Context-Free Languages
======================

Context-Free Languages
----------------------
In the previous chapters, we see that some languages are regular languages,
which means that we can define a DFA, NFA, Regular expression, or Regular
grammar for them.

Examples of regular languages:

* keywords in a programming language
* names of identifiers
* integers
* a finite list of miscillaneous symbols: = \ ;

Then we covered the Pumping Lemma which is a tool to
prove that if a language is not regular.

Examples for Not Regular languages:

* expressions: :math:`((a + b) - c)`
* block structures (:math:`\{\}` in Java/C++ and ``begin`` ... ``end``
  in Pascal)

We know that not all languages are not regular, since we've proved
some are not. Now we will look at a class of languages that is
larger than the regular languages, and more powerful:
Context-free languages..

**Definition:** A grammar :math:`G = (V, T, S, P)` is
context-free if all productions are of the form

   | :math:`A \rightarrow x`

| where :math:`A \in V` and :math:`x \in (V \cup T)^*`.
|    (:math:`T` includes :math:`\lambda`.)

**Definition:** :math:`L` is a context-free language (CFL) iff
:math:`\exists` context-free grammar (CFG) :math:`G` such that
:math:`L = L(G)`.

The above definition for Grammars is exactly the same as the one we
keep using from the first chapter in this book.
This means that all grammras we used (including the Regular Grammars)
are Context Free Grammars.

.. topic:: Example

   | :math:`G =(\{S\}, \{a, b\}, S, P)`
   |   :math:`S \rightarrow aSb\ |\ ab`
   | Derivation of :math:`aaabbb`:
   |   :math:`S \Rightarrow aSb \Rightarrow aaSbb \Rightarrow aaabbb`
   | :math:`L(G) = \{a^nb^n | n > 0\}`

   .. note::

      We have seen this before! Its not regular!

**Definition:** A linear grammar has at most one variable on the
right hand side of any production.
Thus, right linear and left linear grammars are also linear grammars.

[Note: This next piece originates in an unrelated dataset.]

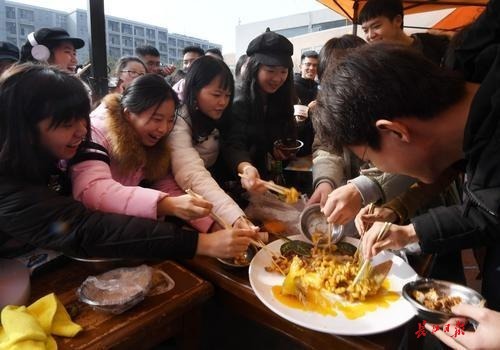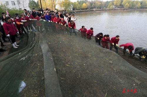 据了解,沁湖鱼宴已成为该校的每年年终的特色活动,每年校方都要在校内150亩的湖域内,投入10万元用于买鱼苗、饲料以及看护养殖。此外,年底吃鱼的传统象征着年年有“余”,这也是让辛苦工作学习一年的师生们享受学校特有的福利。(记者 李子云 摄影报道)

So, this is a linear grammar.

.. topic:: Example

   | :math:`G = (\{S\}, \{a, b\}, S, P)`
   |   :math:`S \rightarrow aSa\ |\ bSb\ |\ a\ |\ b\ |\ \lambda`

   | Derivation of :math:`ababa`:
   |   :math:`S \Rightarrow aSa \Rightarrow abSba \Rightarrow ababa`

   | :math:`\Sigma = \{a, b\}, L(G) = \{w \in {\Sigma}^{*} | w=w^R\}`,

**Definition:** String derivation is to start at the starting point of
the grammar and do replacements until you can do no more replacements.
A variable in the grammar can be replaced by the right hand side of its
rule

.. topic:: Example

   | :math:`G = (\{S, A, B\}, \{a, b, c\}, S, P)`
   |   :math:`S \rightarrow AcB`
   |   :math:`A \rightarrow aAa\ |\ \lambda`
   |   :math:`B \rightarrow Bbb\ |\ \lambda`
   | :math:`L(G) = \{a^{2n}cb^{2m} | n, m \ge 0\}`

   | Note this is a context-free language and also a regular language.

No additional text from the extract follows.